某局のプロデューサーが、少女の事を気に入ってくれている、という話だった。
明確な指示は無かったが、つまりは
無論、そんな話を受けるつもりなど毛頭なく、丁重に断った。
自分がアイドルになったのは、テレビに出て知名度を上げたり、ちやほやされるためではない。自分の歌と笑顔を、皆に届けたい為だ。
そういう風に通して、その話は終わった、筈だった。
それから、しばらくの事。
少女の身に覚えの無いスキャンダルが、写真週刊誌に掲載された。
その内容は、少女の想像を絶するものだった。その余りのショックに雑誌を放り投げ、全身の震えが止まらなかった程である。
そこには………捏造されたと思しき、少女が見知らぬ男性とホテルの側を歩く写真や、過去の男性関係、堕胎経験。ドラックパーティに入り浸っているという内容まで、身に覚えの無い捏造記事がでっち上げられていた。
後からわかった事だが、どうやら先のプロデューサーが、このスキャンダルに一枚噛んでいたようだった。美九の事務所の社長とも懇意だったらしく_____美九は、あっさりと事務所での居場所を無くしていった。
だが、少女にとって一番堪えたのは、ファンの………否、今までファンと思っていた人達の、掌を返したような辛辣な態度だった。
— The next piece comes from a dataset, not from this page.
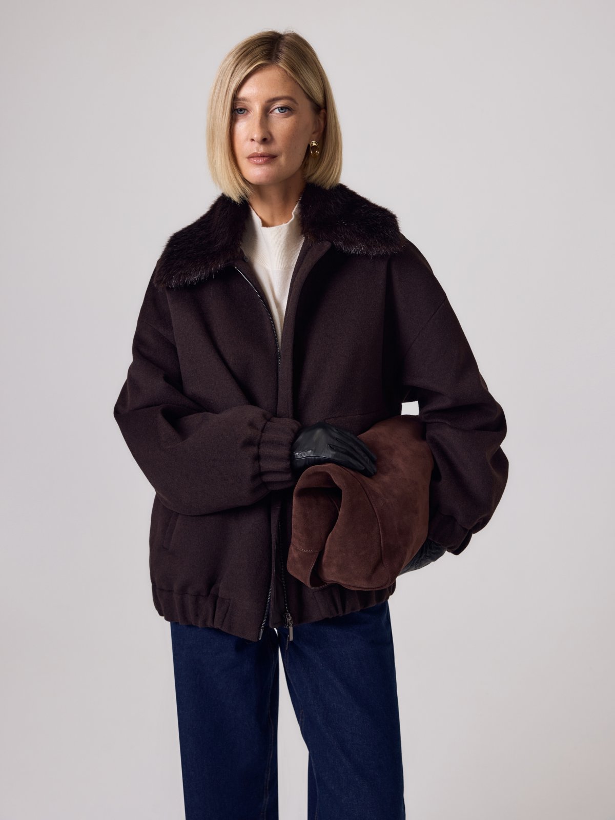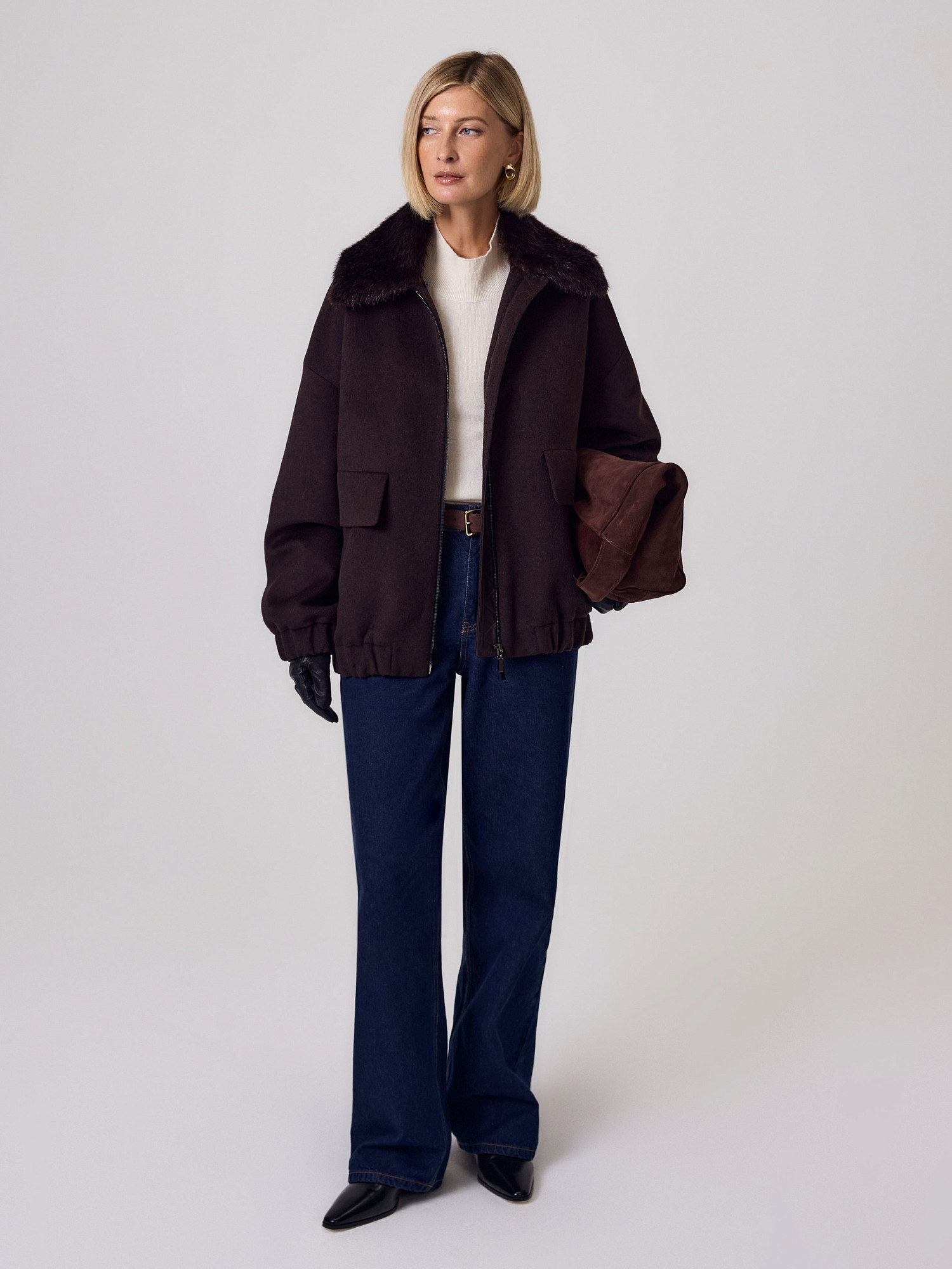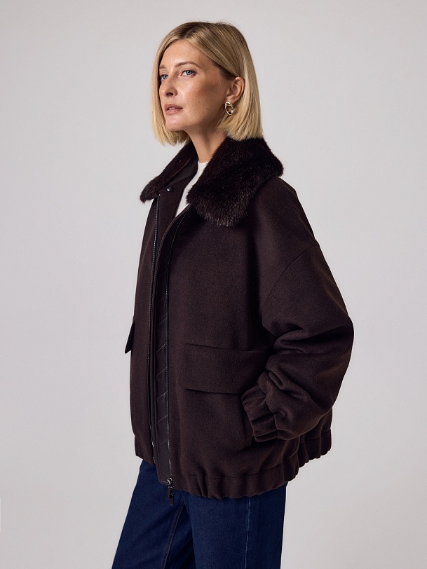 Лаконичная куртка-бомбер из премиальной шерстяной ткани с высоким содержанием натуральной шерсти 80% цвета горький шоколад. Свободный рубашечный рукав не стесняет движений. Низ рукава и низ изделия для наибольшего комфорта собраны на широкую резинку. Куртка имеет аккуратный отложной воротник и вместительные карманы с широкими клапанами. Отражая модные тенденции на эко-мех, мы отделали бомбер съемным воротником из искусственной норки. Застёжка на двухзамковую молнию. А для наилучшей защиты от непогоды изделие выполнено с использованием высокотехнологичной мембраны RaftPro и инновационного утеплителя DuPont Sorona. Произведено в Санкт-Петербурге.

少女の言葉より、どこの誰が言ったかもわからない噂話を信じられた事が、辛かった。
「(ねえ、前の彼氏とは何回ヤッたの?)」
「(堕胎って赤ちゃん殺すことでしょ?人殺しが何やってんの?)」
ブログにそんなコメントが書き込まれ、随分と客の減った握手会やサイン会で心無い言葉をかけられる度に。
少女の心と笑顔は、日に日に磨耗していった。
それでも、少女は諦めなかった。
自分には歌がある。どんな噂話に流された人も、自分の歌を聴けば分かるはずだ。
自分の歌には、力がある。
そんな根拠のない自信が、心の何処かに確固として残っていた。
そうして少女は、再びステージに立った。
だが、駄目だった。
会場にひしめく人々が、自分とは別の、何か恐ろしく、悍ましい何かに見えて来て、緊張とは別の動悸が、全身を支配していった。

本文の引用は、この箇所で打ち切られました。